<<<<

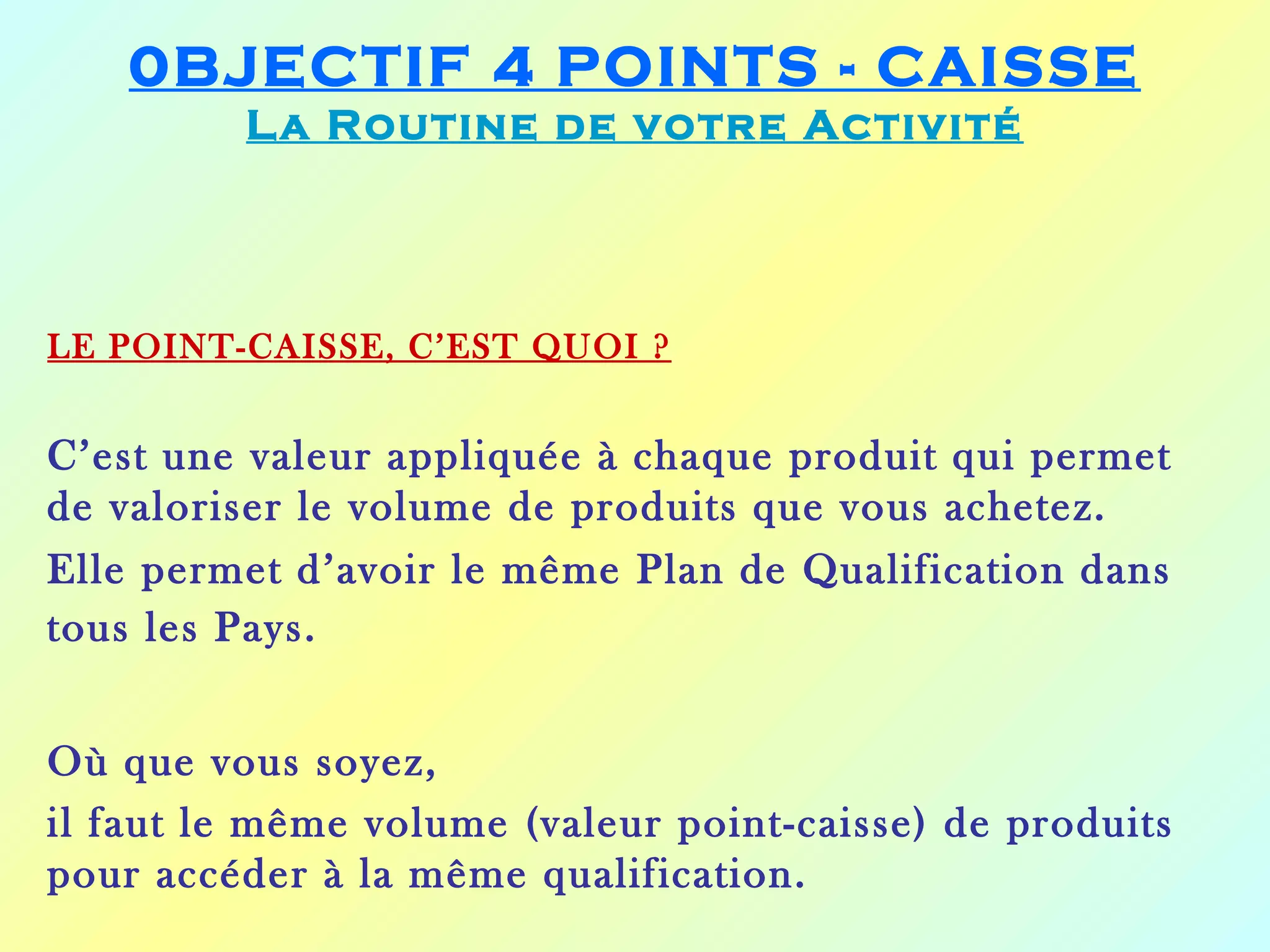 Le document détaille l'importance des 4 points-caisse pour devenir un distributeur actif et bénéficier des meilleures marges et remises. Il explique comment atteindre cet objectif par la consommation personnelle et la fidélisation des clients, tout en fournissant des exemples de gains potentiels. La qualification est essentielle pour augmenter les bénéfices et nécessitera le parrainage régulier de nouveaux distributeurs.
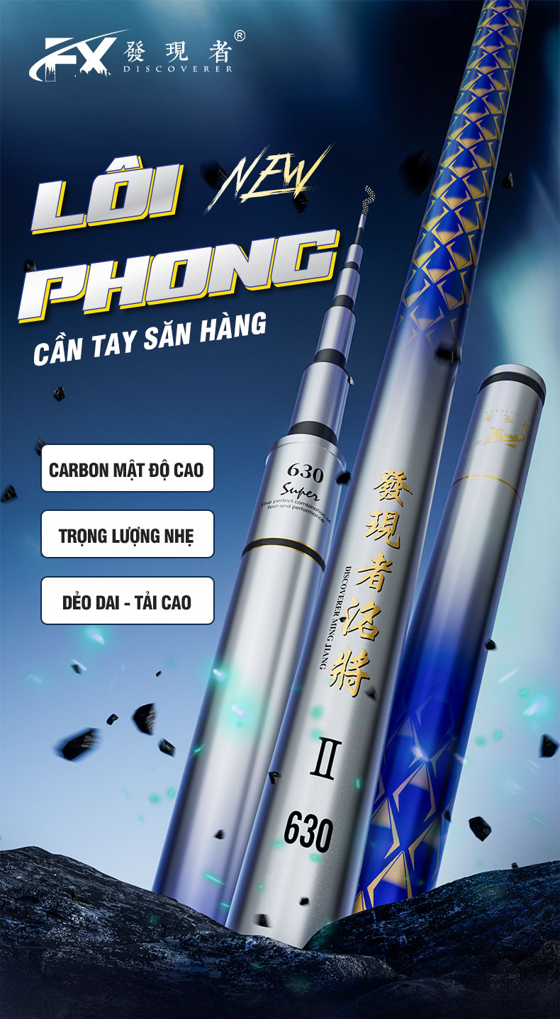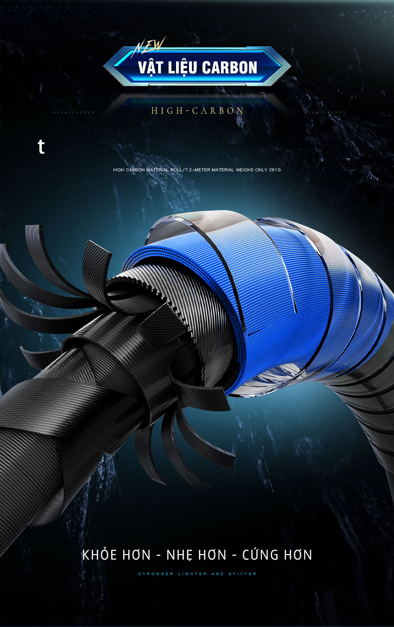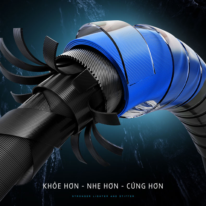 - Được làm từ vật liệu carbon mật độ cao xoắn chéo giúp trọng lượng cần nhẹ nhưng vẫn chắc khỏe và dẻo dai
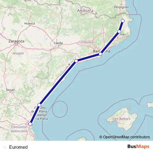 See why over 2 million users trust and consider busmaps.com as the best public transport website. busmaps gives you Castello de la Plana Rail Services suggested routes, real-time bus tracker, line route maps in Castello de la Plana, and helps to find the closest Euromed rail stops near you. No internet available? Download an offline PDF map and bus schedule for the Euromed rail to take on your trip.
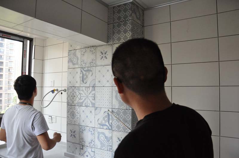 ▲檢查貼磚工藝

>>>>

# Exercise objective:
Copy the data word for word. Pictures do not go in the copy.

# Written response:
 Le document détaille l'importance des 4 points-caisse pour devenir un distributeur actif et bénéficier des meilleures marges et remises. Il explique comment atteindre cet objectif par la consommation personnelle et la fidélisation des clients, tout en fournissant des exemples de gains potentiels. La qualification est essentielle pour augmenter les bénéfices et nécessitera le parrainage régulier de nouveaux distributeurs.
 - Được làm từ vật liệu carbon mật độ cao xoắn chéo giúp trọng lượng cần nhẹ nhưng vẫn chắc khỏe và dẻo dai
 See why over 2 million users trust and consider busmaps.com as the best public transport website. busmaps gives you Castello de la Plana Rail Services suggested routes, real-time bus tracker, line route maps in Castello de la Plana, and helps to find the closest Euromed rail stops near you. No internet available? Download an offline PDF map and bus schedule for the Euromed rail to take on your trip.
 ▲檢查貼磚工藝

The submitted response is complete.